In fact, finger joint has a threshold after which failure occurs in fingers rather than along glued surface. After this threshold increase in number of fingers does not compromise strength.
In dovetails, after optimal number and proportion of pins and tails is reached adding more pin/tails will weaken the joint.


----------



## Greedo (Apr 18, 2010)

i believe i saw this on his site long time ago.
for me dovetails are something of the past when all was done by hand, and when modern glue wasn't available.
but today it's purely for visual effect, since a glue joint today is more solid than wood, it's the wood that will fail first. so with dovetails you put all the stress in the narrowest part of the dovetails.

but then this is kind of pointless, both methods almost overengeneered anyway, theres 100+ year old drawer chests here that have huge drawers joined by simple nailed rabbets, and they hold up just fine!


----------



## Viktor (Jan 15, 2009)




----------



## richgreer (Dec 25, 2009)

Viktor - I find your graft interesting and insightful. THank you.
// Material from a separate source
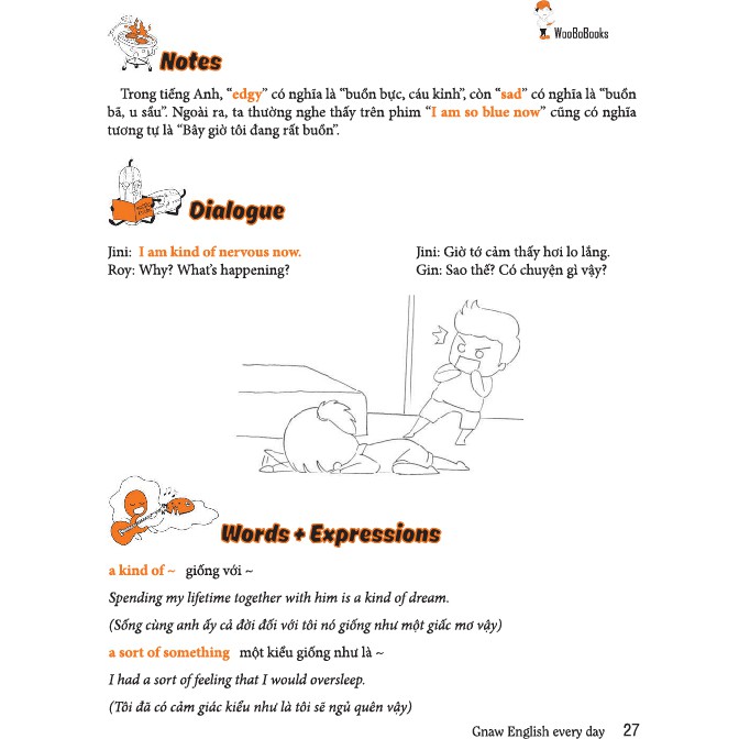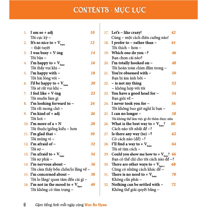 Gặm tiếng Anh mỗi ngày cùng Woo Bo Hyun Tác giả: Woo Bo Hyun Số trang: 214 Ngày xuất bản: 07/2018 Lưu ý: Sách có kèm file Audo-mp3 Kênh14: http://kenh14.vn/sao-phim-han-gia-dinh-la-so-1-phan-khich-voi-quyen-sach-nao-o-viet-nam-20181031173359796.chn Dành cho các bạn: + Mới bắt đầu học tiếng Anh + Mất gốc tiếng Anh + Đã học tiếng Anh hàng năm trời, biết hàng ngàn từ vựng, rất nhiều ngữ pháp chuyên sâu nhưng mãi mà vẫn chưa nói được tiếng Anh, bế tắc khi giao tiếp tiếng Anh (tình trạng chung của phần lớn người học tiếng Anh ở Việt Nam) + Muốn ghi nhớ ngữ pháp tiếng Anh cơ bản một cách dễ dàng + Muốn học những cụm từ tiếng Anh thông dụng trong đời sống hằng ngày + Muốn luyện phản xạ tiếng Anh cơ bản ⇒ giao tiếp tiếng Anh lưu loát ở trình độ cơ bản + Đang luyện thi Flyers, PET, Ielts 4.5+, Toeic 550+, Toefl 50+ , chứng chỉ A1, A2, B1 + Chuẩn bị cho các kì thi học kì và đại học tiếng Anh + Chuẩn bị xin việc làm, đi du lịch hay đi du học + Độ tuổi thích hợp học “Gặm” là từ 9 – 65+ “GẶM” CÓ GÌ KHÁC BIỆT? + Giúp bạn học ngữ pháp cơ bản (đồng thời là các mẫu câu giao tiếp căn bản) một cách dễ dàng, ghi nhớ ngữ pháp nhanh chóng và mãi mãi, thông qua việc vận dụng được tiếng Anh trong cuộc sống hằng ngày cũng như trong công việc. Các câu ví dụ minh họa với từ vựng cơ bản, thông dụng, giúp bạn cảm thấy việc học ngữ pháp dễ dàng, không cứng nhắc, không còn mệt mỏi. Ví dụ: I’m busy + V-ing , I’m too + Adj + to V-bare, I’m getting used to + N/V-ing, I’m looking forward to + Ving, I feel like + V-ing, I’m afraid of/for/to/that, … Từ đó tăng tốc độ nói và viết của bạn, KHÔNG CÒN SAI NỮA, KHÔNG CÒN QUÊN NỮA vì cấu trúc ấy đã in sâu vào não bạn rồi, khi cần là có thể bật ra nói/viết ngay được luôn, không cần phải cố gắng lôi nó ra như trước đây nữa. + Giúp bạn học nhiều từ, cụm từ cơ bản thông dụng trong đời sống hằng ngày như: tired, stressed out, jealousy, do my homework, fix my computer, help my parents, have lunch with friends, pay for lunch, have a Vietnamese coffee, have no boyfriend, feel guilty… Đây là những từ, cụm từ KHÔNG THỂ KHÔNG BIẾT khi giao tiếp, viết tiếng Anh hay tham gia các kì thi Anh ngữ. Những cụm ngắn và đơn giản sẽ giúp chúng ta nhớ lâu hơn, và chỉ cần luyện tập một chút là ai cũng có thể sử dụng cụm từ ấy vô cùng thành thạo rồi. + Giúp bạn hình thành phản xạ giao tiếp: Không còn là những bài giảng khô khan như công thức, “Gặm” đưa chúng ta đến một thế giới sống động hơn, nơi chúng ta có thể thỏa sức vận dụng những cấu trúc ngữ pháp (mẫu câu giao tiếp) vào nhiều tình huống khác nhau chỉ bằng cách thay đổi một số từ hay cụm từ. Bên cạnh lời giảng giải dễ hiểu và gần gũi, “Gặm” còn bày cho chúng ta những câu ví dụ thú vị để minh họa cho phần giải thích của mình. Từ những ví dụ đó, bạn có thể dễ dàng học và luyện tập theo. Việc lặp đi lặp lại mẫu câu giao tiếp kết hợp từ, cụm từ cơ bản giúp bạn hình thành phản xạ, giúp nói lưu loát và viết trơn tru tiếng Anh. Các bạn phải học thật nhiều mẫu câu giao tiếp thì mới phản xạ được, một khi đã học nhiều, tất cả các mẫu câu như được in sẵn trong não bộ của bạn, khi cần là có thể bật ra ngay được luôn. Thật sự thì nếu muốn nói chuyện được với người nước ngoài, các bạn cần phải phản xạ được ngay lúc đó. Khi có người hỏi bạn chỉ một câu đơn giản thôi, nếu bạn chưa bao giờ học các mẫu câu giao tiếp, bạn không thể nói ngay được, hoặc phải mất rất nhiều thời gian để sắp xếp và ráp từng từ lại với nhau. Do đó, càng ngày các bạn càng nản, cảm thấy bế tắc và không muốn nói tiếng Anh, kiến thức càng ngày càng trôi vào quên lãng và bạn rơi vào tình trạng mất gốc. + Những đoạn đối thoại (Dialogue) tuy ngắn nhưng được minh họa rất sinh động: Hình ảnh đơn giản, không cầu kỳ nhưng cũng đủ để người xem thích thú và tò mò với những câu chuyện dễ thương được khéo léo lồng những câu chuyện rất đời thường. Người xem hẳn có thể thấy hình bóng của chính mình đâu đây qua những câu chuyện của người bố Woo và hai cô con gái Luli và Jini, về hai anh chàng si tình Roy và Gin. Các nhân vật ấy đã giúp tạo nên một bức tranh thật đáng yêu về gia đình, bạn bè, tình yêu, và đồng nghiệp – điều mà chưa có quyển sách tiếng Anh nào làm được. + Phần Notes và Words + Expressions mở rộng kiến thức, kích thích trí tò mò: Phù thủy tiếng Anh Woo Bo Hyun đã chọn 2 mục này làm phần mở rộng kiến thức, không chỉ giúp chúng ta có thể tìm tòi sâu hơn về chủ đề của bài học, mà còn kích thích sự tò mò của chúng ta, thôi thúc chúng ta muốn tìm hiểu sâu hơn nữa từ những nguồn khác, từ đó tạo động lực cho chúng ta luôn luôn tìm tòi, học hỏi những điều mới mẻ. CHÚ Ý: COMBO ĐẦU TIÊN ĐỂ CHINH PHỤC TIẾNG ANH GỒM: + Cấu trúc ngữ pháp căn bản, đơn giản (mẫu câu giao tiếp hằn

Can you comment on the optimal number of pin/tails?


----------



## IrreverentJack (Aug 13, 2010)

Matthias Wandel is impressive. Fine WoodWorking did a more exten$ive joint test. -Jack


----------



## beckerswoodworks (Dec 26, 2009)

Great points Skarp. I'm also in the "Does it look nice, and still remain strong?" camp. They're both strong enough and making anything stronger than strong enough is wasted effort. So deciding which to use should be based primarily on how nice you want something to look and how much work it takes. I don't think that means dovetails will always win though. Green and Green style has some pretty nice looking finger joints.


----------



## Viktor (Jan 15, 2009)

Rich, optimal number will depend on glue strength and wood properties (compression vs tensile strength, etc.). In other words I don't know  May be someone cares to conduct an experiment?


----------